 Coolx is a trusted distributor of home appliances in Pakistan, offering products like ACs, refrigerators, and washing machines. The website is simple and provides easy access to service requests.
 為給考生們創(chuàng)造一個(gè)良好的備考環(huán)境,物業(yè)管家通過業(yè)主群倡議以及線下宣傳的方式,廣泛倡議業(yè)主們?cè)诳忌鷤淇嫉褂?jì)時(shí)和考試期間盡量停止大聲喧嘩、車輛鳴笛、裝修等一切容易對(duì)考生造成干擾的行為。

——————

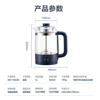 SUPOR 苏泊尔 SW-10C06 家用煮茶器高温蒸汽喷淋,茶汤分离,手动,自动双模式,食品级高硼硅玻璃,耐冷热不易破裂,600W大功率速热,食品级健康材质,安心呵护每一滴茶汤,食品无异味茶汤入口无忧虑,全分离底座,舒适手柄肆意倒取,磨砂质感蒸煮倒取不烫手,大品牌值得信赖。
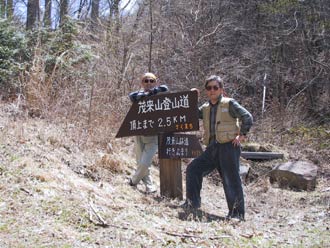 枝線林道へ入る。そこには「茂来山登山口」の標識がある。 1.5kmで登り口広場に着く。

——————

**Task directions**
Transcribe exactly the lines above, beginning at the one with "SUPOR 苏泊尔 SW-10C06" and going up to and including the one with "枝線林道へ入る。そこには「茂". Pictures do not belong in the copy.

**Your response**
 SUPOR 苏泊尔 SW-10C06 家用煮茶器高温蒸汽喷淋,茶汤分离,手动,自动双模式,食品级高硼硅玻璃,耐冷热不易破裂,600W大功率速热,食品级健康材质,安心呵护每一滴茶汤,食品无异味茶汤入口无忧虑,全分离底座,舒适手柄肆意倒取,磨砂质感蒸煮倒取不烫手,大品牌值得信赖。
 枝線林道へ入る。そこには「茂来山登山口」の標識がある。 1.5kmで登り口広場に着く。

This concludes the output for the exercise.